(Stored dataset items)
◇ ◇ ◇ ◇
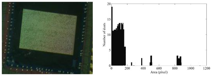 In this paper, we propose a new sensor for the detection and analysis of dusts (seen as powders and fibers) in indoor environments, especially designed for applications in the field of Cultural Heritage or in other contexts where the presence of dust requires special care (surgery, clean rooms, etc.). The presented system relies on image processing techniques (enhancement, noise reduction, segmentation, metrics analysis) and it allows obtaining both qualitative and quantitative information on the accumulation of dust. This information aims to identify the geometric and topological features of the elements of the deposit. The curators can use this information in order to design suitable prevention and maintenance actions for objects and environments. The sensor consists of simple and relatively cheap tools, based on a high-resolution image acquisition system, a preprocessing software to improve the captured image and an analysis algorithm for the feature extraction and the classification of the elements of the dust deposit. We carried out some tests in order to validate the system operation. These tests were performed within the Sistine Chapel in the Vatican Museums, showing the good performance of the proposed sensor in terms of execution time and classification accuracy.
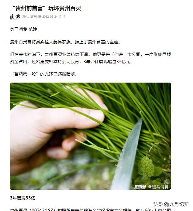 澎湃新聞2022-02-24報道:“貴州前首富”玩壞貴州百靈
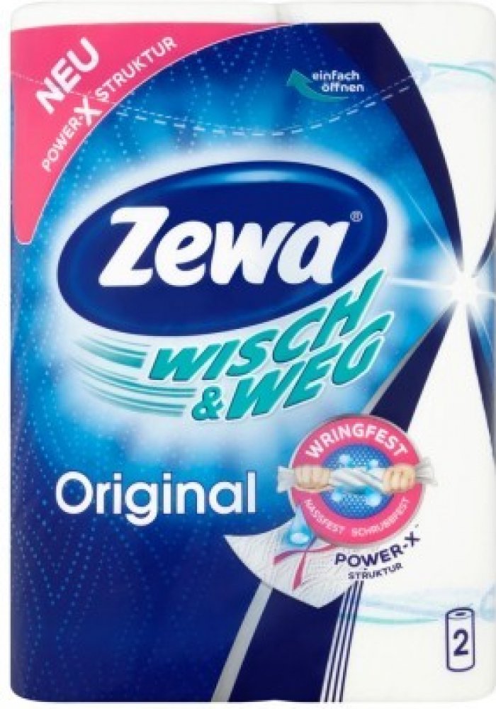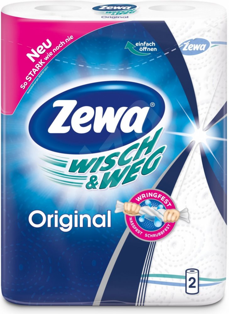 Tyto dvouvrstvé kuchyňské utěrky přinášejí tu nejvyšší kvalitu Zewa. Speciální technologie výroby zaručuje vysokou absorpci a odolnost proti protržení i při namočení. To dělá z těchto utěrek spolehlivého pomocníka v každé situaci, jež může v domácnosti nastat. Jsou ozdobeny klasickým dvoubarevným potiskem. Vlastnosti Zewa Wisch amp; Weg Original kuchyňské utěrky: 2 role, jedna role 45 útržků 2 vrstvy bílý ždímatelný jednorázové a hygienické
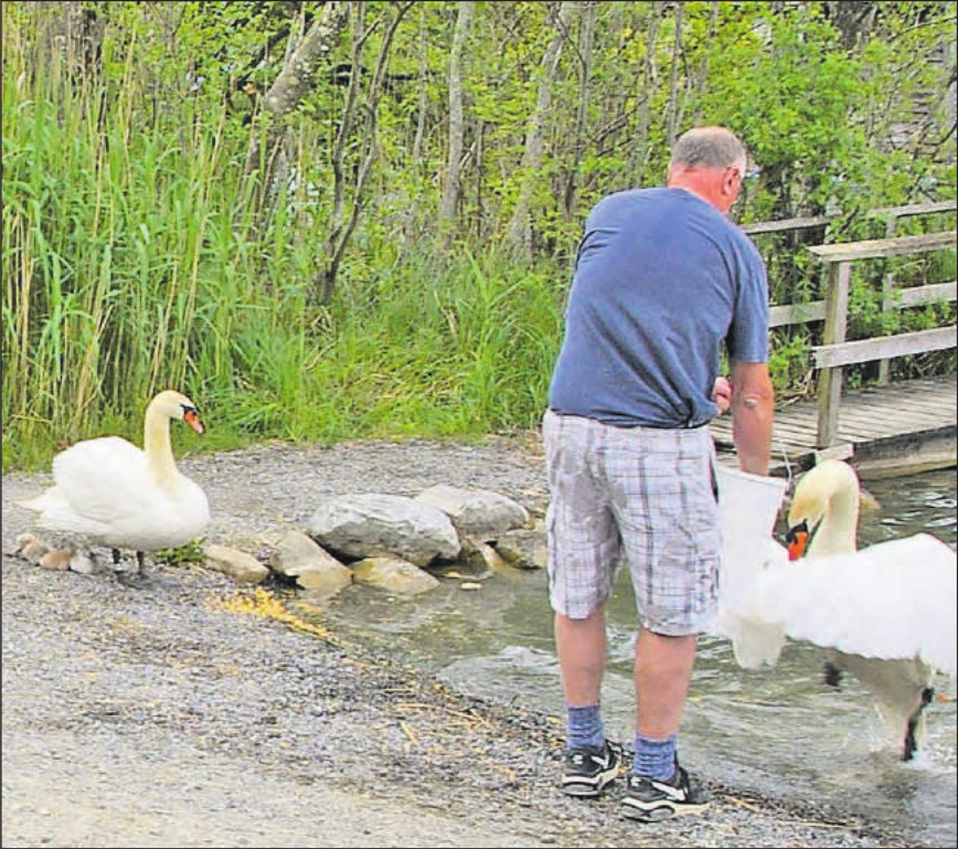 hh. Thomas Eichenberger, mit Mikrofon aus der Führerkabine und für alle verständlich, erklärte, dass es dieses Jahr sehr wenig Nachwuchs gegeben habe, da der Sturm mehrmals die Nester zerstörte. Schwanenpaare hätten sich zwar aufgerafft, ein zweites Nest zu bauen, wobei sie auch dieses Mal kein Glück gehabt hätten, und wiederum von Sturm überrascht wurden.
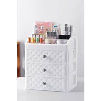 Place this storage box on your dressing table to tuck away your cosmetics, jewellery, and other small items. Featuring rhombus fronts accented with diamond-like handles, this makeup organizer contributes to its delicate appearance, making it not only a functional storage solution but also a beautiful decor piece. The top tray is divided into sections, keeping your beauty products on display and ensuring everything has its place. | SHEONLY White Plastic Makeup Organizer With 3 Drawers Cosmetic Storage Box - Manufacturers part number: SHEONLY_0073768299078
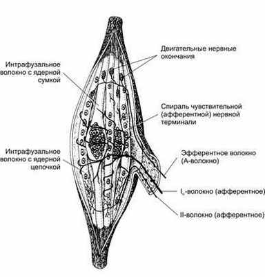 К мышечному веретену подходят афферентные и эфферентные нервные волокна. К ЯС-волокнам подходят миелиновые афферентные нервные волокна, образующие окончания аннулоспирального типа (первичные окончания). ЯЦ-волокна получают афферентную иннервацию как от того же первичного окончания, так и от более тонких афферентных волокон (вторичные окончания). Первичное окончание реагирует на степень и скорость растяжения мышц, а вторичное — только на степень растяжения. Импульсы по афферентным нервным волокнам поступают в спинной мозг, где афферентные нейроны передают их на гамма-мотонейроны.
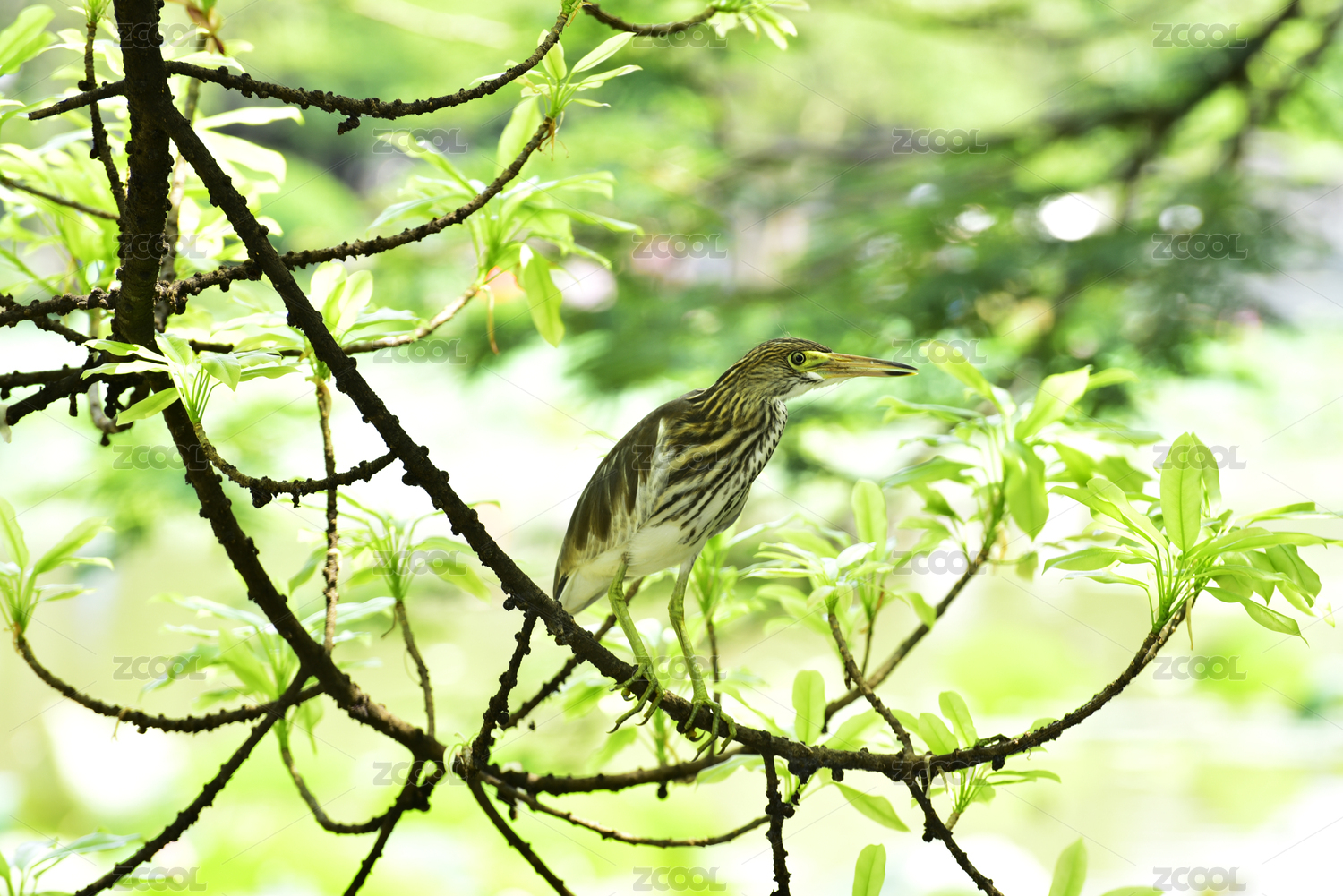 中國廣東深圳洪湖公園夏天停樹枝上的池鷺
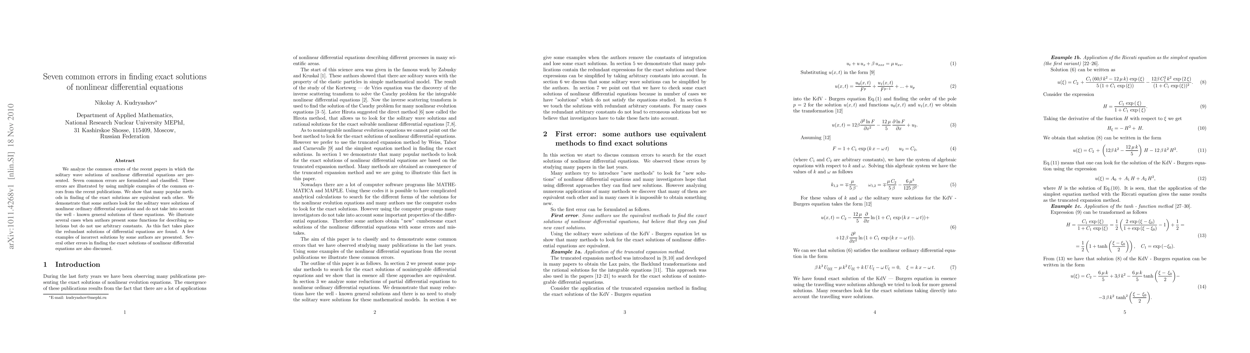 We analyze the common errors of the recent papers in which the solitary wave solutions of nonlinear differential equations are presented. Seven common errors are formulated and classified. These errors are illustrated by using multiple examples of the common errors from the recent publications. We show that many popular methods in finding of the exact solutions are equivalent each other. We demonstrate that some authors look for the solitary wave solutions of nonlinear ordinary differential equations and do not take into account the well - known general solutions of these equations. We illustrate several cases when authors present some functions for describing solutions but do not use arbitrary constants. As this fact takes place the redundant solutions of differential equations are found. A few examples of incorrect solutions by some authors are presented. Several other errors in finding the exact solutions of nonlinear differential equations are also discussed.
◇ ◇ ◇ ◇
### Your objective
Give back every entry word for word, and drop the pictures as you go.

### Task result
 In this paper, we propose a new sensor for the detection and analysis of dusts (seen as powders and fibers) in indoor environments, especially designed for applications in the field of Cultural Heritage or in other contexts where the presence of dust requires special care (surgery, clean rooms, etc.). The presented system relies on image processing techniques (enhancement, noise reduction, segmentation, metrics analysis) and it allows obtaining both qualitative and quantitative information on the accumulation of dust. This information aims to identify the geometric and topological features of the elements of the deposit. The curators can use this information in order to design suitable prevention and maintenance actions for objects and environments. The sensor consists of simple and relatively cheap tools, based on a high-resolution image acquisition system, a preprocessing software to improve the captured image and an analysis algorithm for the feature extraction and the classification of the elements of the dust deposit. We carried out some tests in order to validate the system operation. These tests were performed within the Sistine Chapel in the Vatican Museums, showing the good performance of the proposed sensor in terms of execution time and classification accuracy.
 澎湃新聞2022-02-24報道:“貴州前首富”玩壞貴州百靈
 Tyto dvouvrstvé kuchyňské utěrky přinášejí tu nejvyšší kvalitu Zewa. Speciální technologie výroby zaručuje vysokou absorpci a odolnost proti protržení i při namočení. To dělá z těchto utěrek spolehlivého pomocníka v každé situaci, jež může v domácnosti nastat. Jsou ozdobeny klasickým dvoubarevným potiskem. Vlastnosti Zewa Wisch amp; Weg Original kuchyňské utěrky: 2 role, jedna role 45 útržků 2 vrstvy bílý ždímatelný jednorázové a hygienické
 hh. Thomas Eichenberger, mit Mikrofon aus der Führerkabine und für alle verständlich, erklärte, dass es dieses Jahr sehr wenig Nachwuchs gegeben habe, da der Sturm mehrmals die Nester zerstörte. Schwanenpaare hätten sich zwar aufgerafft, ein zweites Nest zu bauen, wobei sie auch dieses Mal kein Glück gehabt hätten, und wiederum von Sturm überrascht wurden.
 Place this storage box on your dressing table to tuck away your cosmetics, jewellery, and other small items. Featuring rhombus fronts accented with diamond-like handles, this makeup organizer contributes to its delicate appearance, making it not only a functional storage solution but also a beautiful decor piece. The top tray is divided into sections, keeping your beauty products on display and ensuring everything has its place. | SHEONLY White Plastic Makeup Organizer With 3 Drawers Cosmetic Storage Box - Manufacturers part number: SHEONLY_0073768299078
 К мышечному веретену подходят афферентные и эфферентные нервные волокна. К ЯС-волокнам подходят миелиновые афферентные нервные волокна, образующие окончания аннулоспирального типа (первичные окончания). ЯЦ-волокна получают афферентную иннервацию как от того же первичного окончания, так и от более тонких афферентных волокон (вторичные окончания). Первичное окончание реагирует на степень и скорость растяжения мышц, а вторичное — только на степень растяжения. Импульсы по афферентным нервным волокнам поступают в спинной мозг, где афферентные нейроны передают их на гамма-мотонейроны.
 中國廣東深圳洪湖公園夏天停樹枝上的池鷺
 We analyze the common errors of the recent papers in which the solitary wave solutions of nonlinear differential equations are presented. Seven common errors are formulated and classified. These errors are illustrated by using multiple examples of the common errors from the recent publications. We show that many popular methods in finding of the exact solutions are equivalent each other. We demonstrate that some authors look for the solitary wave solutions of nonlinear ordinary differential equations and do not take into account the well - known general solutions of these equations. We illustrate several cases when authors present some functions for describing solutions but do not use arbitrary constants. As this fact takes place the redundant solutions of differential equations are found. A few examples of incorrect solutions by some authors are presented. Several other errors in finding the exact solutions of nonlinear differential equations are also discussed.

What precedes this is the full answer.